A campaigner against the Macarthur wind farm has dismissed the energy company’s claims the turbines are operating within required noise limits.
AGL Energy (AGL) this week announced that an independent noise compliance assessment on the wind turbines by the AECOM company had shown the farm was operating within the noise limits set down in its planning permit.
However, Annie Gardner said residents who lived near the turbines could still not sleep at night because of the infrasound (low-frequency) noise, as well as background noise emitted by the turbines.
Ms Gardner questioned the independence of the company that carried out the sound tests, which found the turbines were compliant with requirements. She said AECOM was paid by AGL “so therefore AECOM is beholden to AGL”.
“We, the neighbours, are very dissatisfied with the methodology used by AECOM and their lack of suitable equipment.
“They used faulty equipment at our property for two weeks in December 2010 and then again their equipment was faulty and failed whilst carrying out noise testing at our property for three out of five weeks for this important compliance checking in February-March 2013.
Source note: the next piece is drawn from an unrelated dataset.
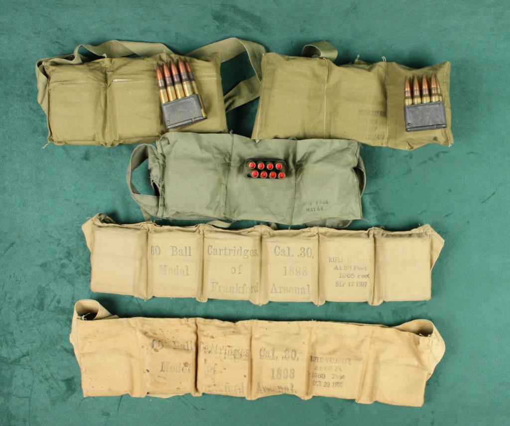 Lot of 5 collectible U.S. military ammunition in bandoliers including two bandoliers with clips of ammo for the M1 Garand rifle; a bandolier of .30 caliber 8 round clips of M1909 blank cartridges; a tan bandolier of.30 caliber ball cartridges from the Frankford Arsenal for the Model 1898 rifle dated Sep. 12 1907 and a partial bandolier of the same dated Oct. 20 1905. Est.: $150-$300.

“Our property was not the only one where AECOM’s equipment was also found to be faulty.
“The battery failed to operate at at least one other property, resulting in no noise data,” Ms Gardner said.
She said it was not enough for AGL to claim compliance with the set noise limits and it was up to the planning minister to determine compliance.
AGL Energy said the planning permit for the Macarthur wind farm required noise monitoring be carried out at specified dwellings neighbouring the site, pending landowner approval.
Noise loggers were installed between February and March 2013 to capture data for the objective assessment.
AGL said the noise compliance assessment was part of a wider noise monitoring program implemented by the company since the first turbines started operating in late September last year.
All noise monitoring results received to date at 13 neighbouring dwellings had shown the wind farm complied with the planning permit’s acoustic requirements, AGL said.
AGL’s power development general manager Scott Thomas said he was aware some Macarthur community members were concerned about wind farm noise levels.
Because of that, the company had wanted to make sure the wind farm was operating correctly from the start to give the community a greater level of comfort.
“Over 40,000 hours of noise monitoring has been conducted at Macarthur, which is well beyond the amount of noise monitoring required in the planning permit,” Mr Thomas said.
“All results received to date confirm that Macarthur wind farm remains compliant within the government’s strict noise regulations that are in line with the World Health Organisation’s guidelines for noise limits.”